(Records to process)

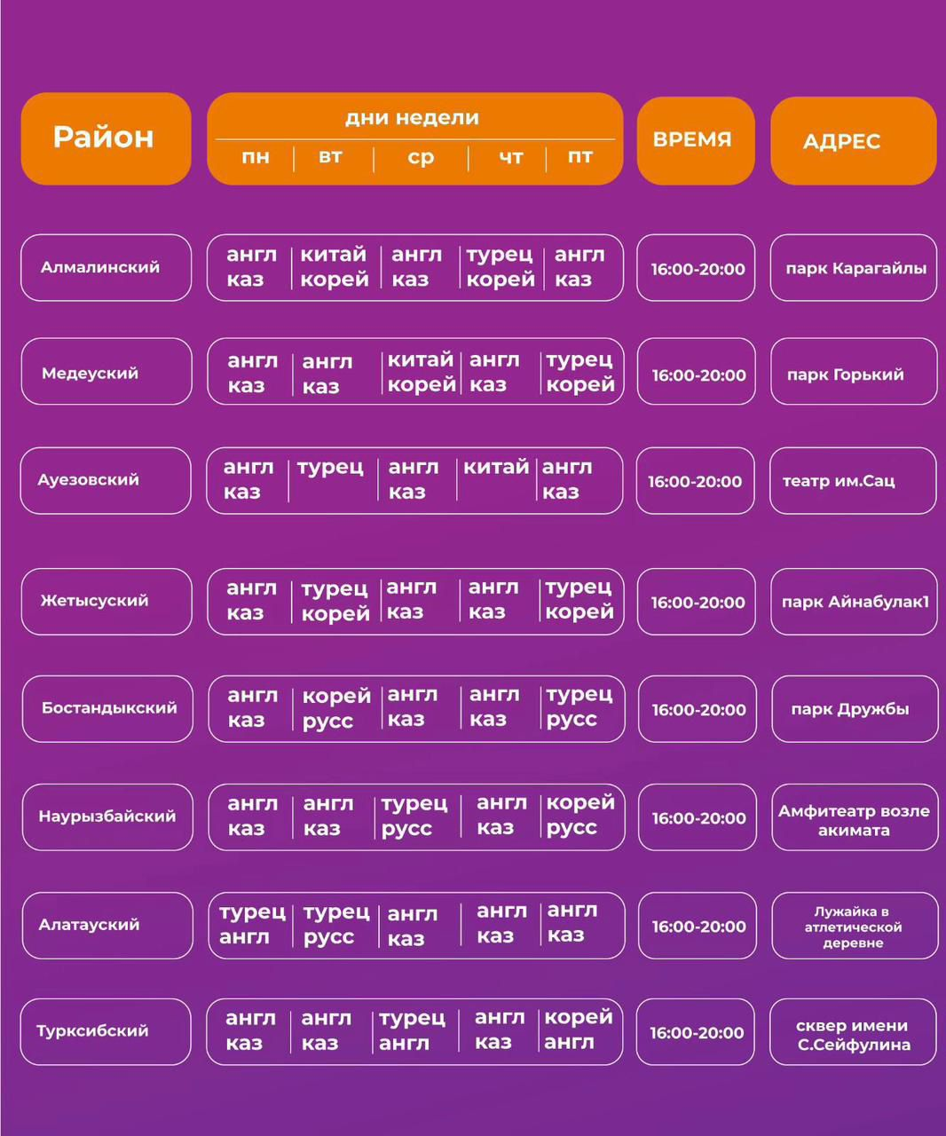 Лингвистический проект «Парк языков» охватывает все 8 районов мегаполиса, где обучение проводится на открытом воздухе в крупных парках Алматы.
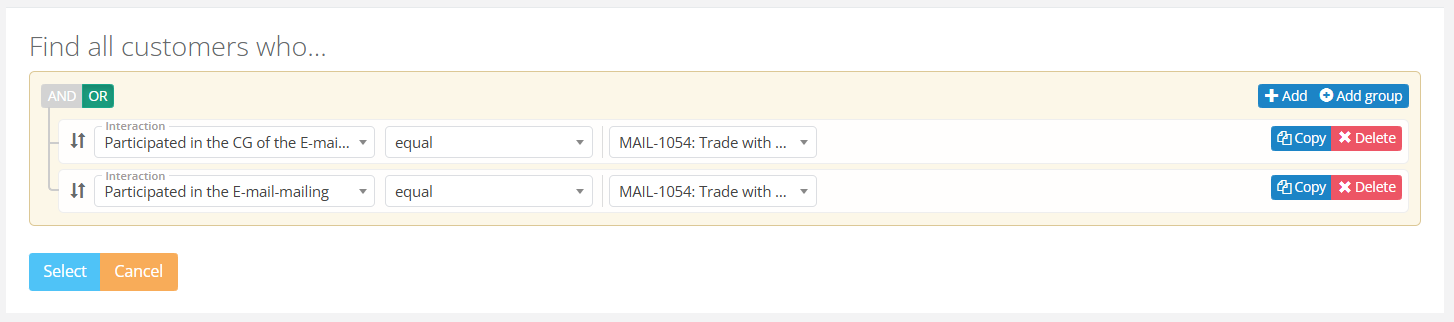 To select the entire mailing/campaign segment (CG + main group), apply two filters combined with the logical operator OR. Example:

(End Records to process)
(Records to process)

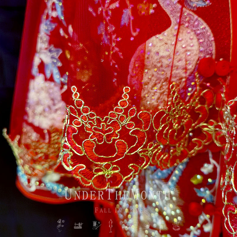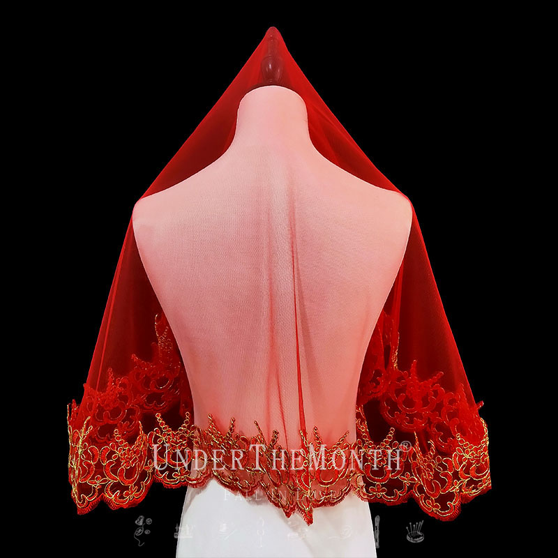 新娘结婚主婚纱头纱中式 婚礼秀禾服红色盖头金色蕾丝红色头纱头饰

(End Records to process)

> **Exercise aim**: Pictures aside, print exactly the lines above starting with the one containing "крупных парках Алматы." and going on through the one containing "To select the".

> **Reply to the task**:
 Лингвистический проект «Парк языков» охватывает все 8 районов мегаполиса, где обучение проводится на открытом воздухе в крупных парках Алматы.
 To select the entire mailing/campaign segment (CG + main group), apply two filters combined with the logical operator OR. Example:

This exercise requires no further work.